Когда я, наконец, выбираюсь из душа — раскрасневшаяся и почему-то пятнами, слышу нетерпеливые звонки одновременно в дверь и на мобильный. Его номер на дисплее, он сам на лестничной площадке. Зачем? Стоит, смотрит прямо на меня, будто видит через глазок. На сотовом десять пропущенных. Настроен решительно, и что-то мне подсказывает, что явился ругаться. Мириться так усердно не рвутся. Наспех одеваюсь и открываю:
— Зачем ты пришел? — спрашиваю настороженно, потому что догадываюсь о цели визита. Он злится, что я приперлась к нему домой и говорила с его женой. Дядя Паша однажды сильно поругался с мамой, когда узнал, что она ходила беседовать с его законной супругой. Женщины пытались найти выход по-хорошему, потому что по-плохому годами не получалось. Это не лучший мамин поступок, но маму осуждать я не имею права. Зато себя — сколько угодно.
Он пришел сказать, что меня стало слишком много в его жизни. Что я переступила черту. Хватаюсь за косяк, пошатнувшись.
Жадно его рассматриваю, словно в последний раз вижу. Самый короткий роман в моей жизни. Самый болезненный и уж точно самый яркий. Люблю ведь, дурака. Безумно его люблю.
— Зайти можно? — спрашивает, глядя на меня. Выглядит бесстрастным.
— Поздно ведь, — я отступаю на шаг, пропуская его в квартиру. — Извини, чай-кофе не предлагаю, хочу поскорее лечь спать.
— Надо обсудить сегодняшний вечер, — он прикрывает за собой дверь, поворачивает замок, закрываясь.
— Давай обсудим, что ж теперь. Но я хочу, чтобы ты знал, я не планировала проводить его именно так. Ничего из случившегося не планировала.
— Ты очень красивая сегодня была, — говорит. Тянется и обхватывает ладонью мою шею, но не душит, а вместо этого большим пальцем проводит по губам, подбородку. Я выпрямляю спину, терять-то уже нечего, руки по швам, жду, что будет дальше. На секунду прикрываю глаза от той нежности, которую он вкладывает в движение. Пытаюсь распознать, пахнет ли от него Ксюшиным домом, но чувствую лишь табачные нотки и привычную туалетную воду.
— Прости меня, — говорит он. — Прости меня за этот вечер.

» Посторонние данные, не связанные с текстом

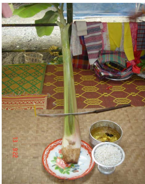
ภาพประกอบ 59 หั่วกล้วย

หลังจากทำความสะอาดต้นกล้วยที่เตรียมไว้เรียบร้อยแล้ว ลูกหรือหลานฝ่ายชายในตระกูลจะแบกต้นกล้วยนั้นเข้ามาในผามพิธีกรรม หันส่วนที่เป็นก้านและใบพาดไว้ที่ราวใต้หิ้งผีปู่ย่า นำธูปมาวางรับส่วนที่เป็นหั่วกล้วยเอาไว้ วางไว้ให้ตำแหน่งของหั่วกล้วยอยู่กลางผามพอดี เตรียมน้ำขมิ้น ส้มป่อยใส่สลุง หรือขันเงินใบใหญ่ 1 ใบ เตรียมสลุงอีก 1 ใบ เพื่อใส่ข้าวตอกที่เตรียมไว้จนเต็ม เตรียมพานดอกไม้อีก 1 ใบ ใส่ดอกไม้รูปเทียนเอาไว้ นำของทั้งหมดมาวางไว้หน้าหั่วกล้วย จากนั้นนำดาบ 1 เล่มมาสับไว้ตรงกลางต้นกล้วย หันปลายดาบชี้ไปทางวงป่าดเมือง หรือทางทิศเหนือของผาม และนำเทียน 1 เล่ม มาติดไว้ที่ปลายดาบพร้อมกับจุดเทียนเล่มนั้น
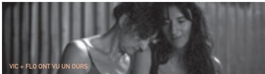
VIC + FLO ONT VU UN OURS

La Trilogie vous est proposée en deux volumes : volume 1 : My Childhood & My Ain Folk ; volume 2 : My Way Home .

О Господи. Он пришел не ругаться.
От облегчения колени становятся мягкими. Едва не падаю от усталости. Ссориться нет сил, как и выяснять, фигачит ли он на два фронта. Мне так плохо… грустно и одиноко. Уголки моих губ опускаются, выдавая обиду, он делает шаг и обнимает меня, а я прижимаюсь.

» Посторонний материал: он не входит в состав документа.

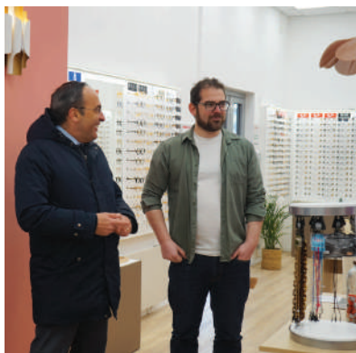
« Morgan Vision », opticien situé rue du Parc.
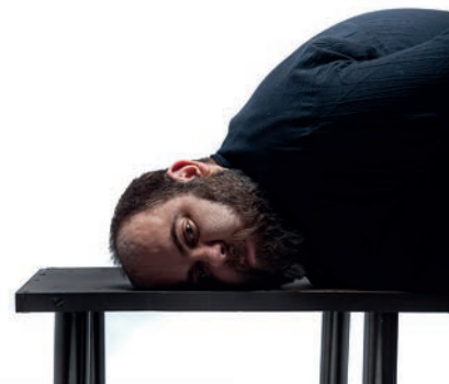
Miguel. Serie "El olvido del yo" 35/44. Técnica mixta. 21x20 cm 2017 Fotografía impresa en papel acetato sobre cartulina blanca e imanes de neodimio.

— Она сказала, что вы постоянно спите вместе. Ей врач посоветовал для здоровья не ограничивать себя.
— Ну, может с кем-то она себя и не ограничивает, но уж явно не со мной, — с юмором в голосе.
Я громко всхлипываю, когда по телу пробегает волна облегчения. И, спорю, он на это улыбается.
— Она сказала, что после фестиваля ты сразу поехал к ней, потому что соскучился.
— Да, на семейный обед. Ты же знаешь, мы это практикуем. Но потом… хочешь секрет? Я закрылся в ванной и трахал кулак, представляя тебя и твои черные трусики, в которых ты была утром в воскресенье. Кстати, какие на тебе сегодня, покажешь? — он пытается нащупать через шорты контуры белья, оттягивает резинку и заглядывает под них на мою голую задницу — спешила ведь, что первое в руки попало, то и напялила. Из моего рта вырывается смешок, когда он выдыхает: «потрясающе, такое воспоминание тож лишним не будет».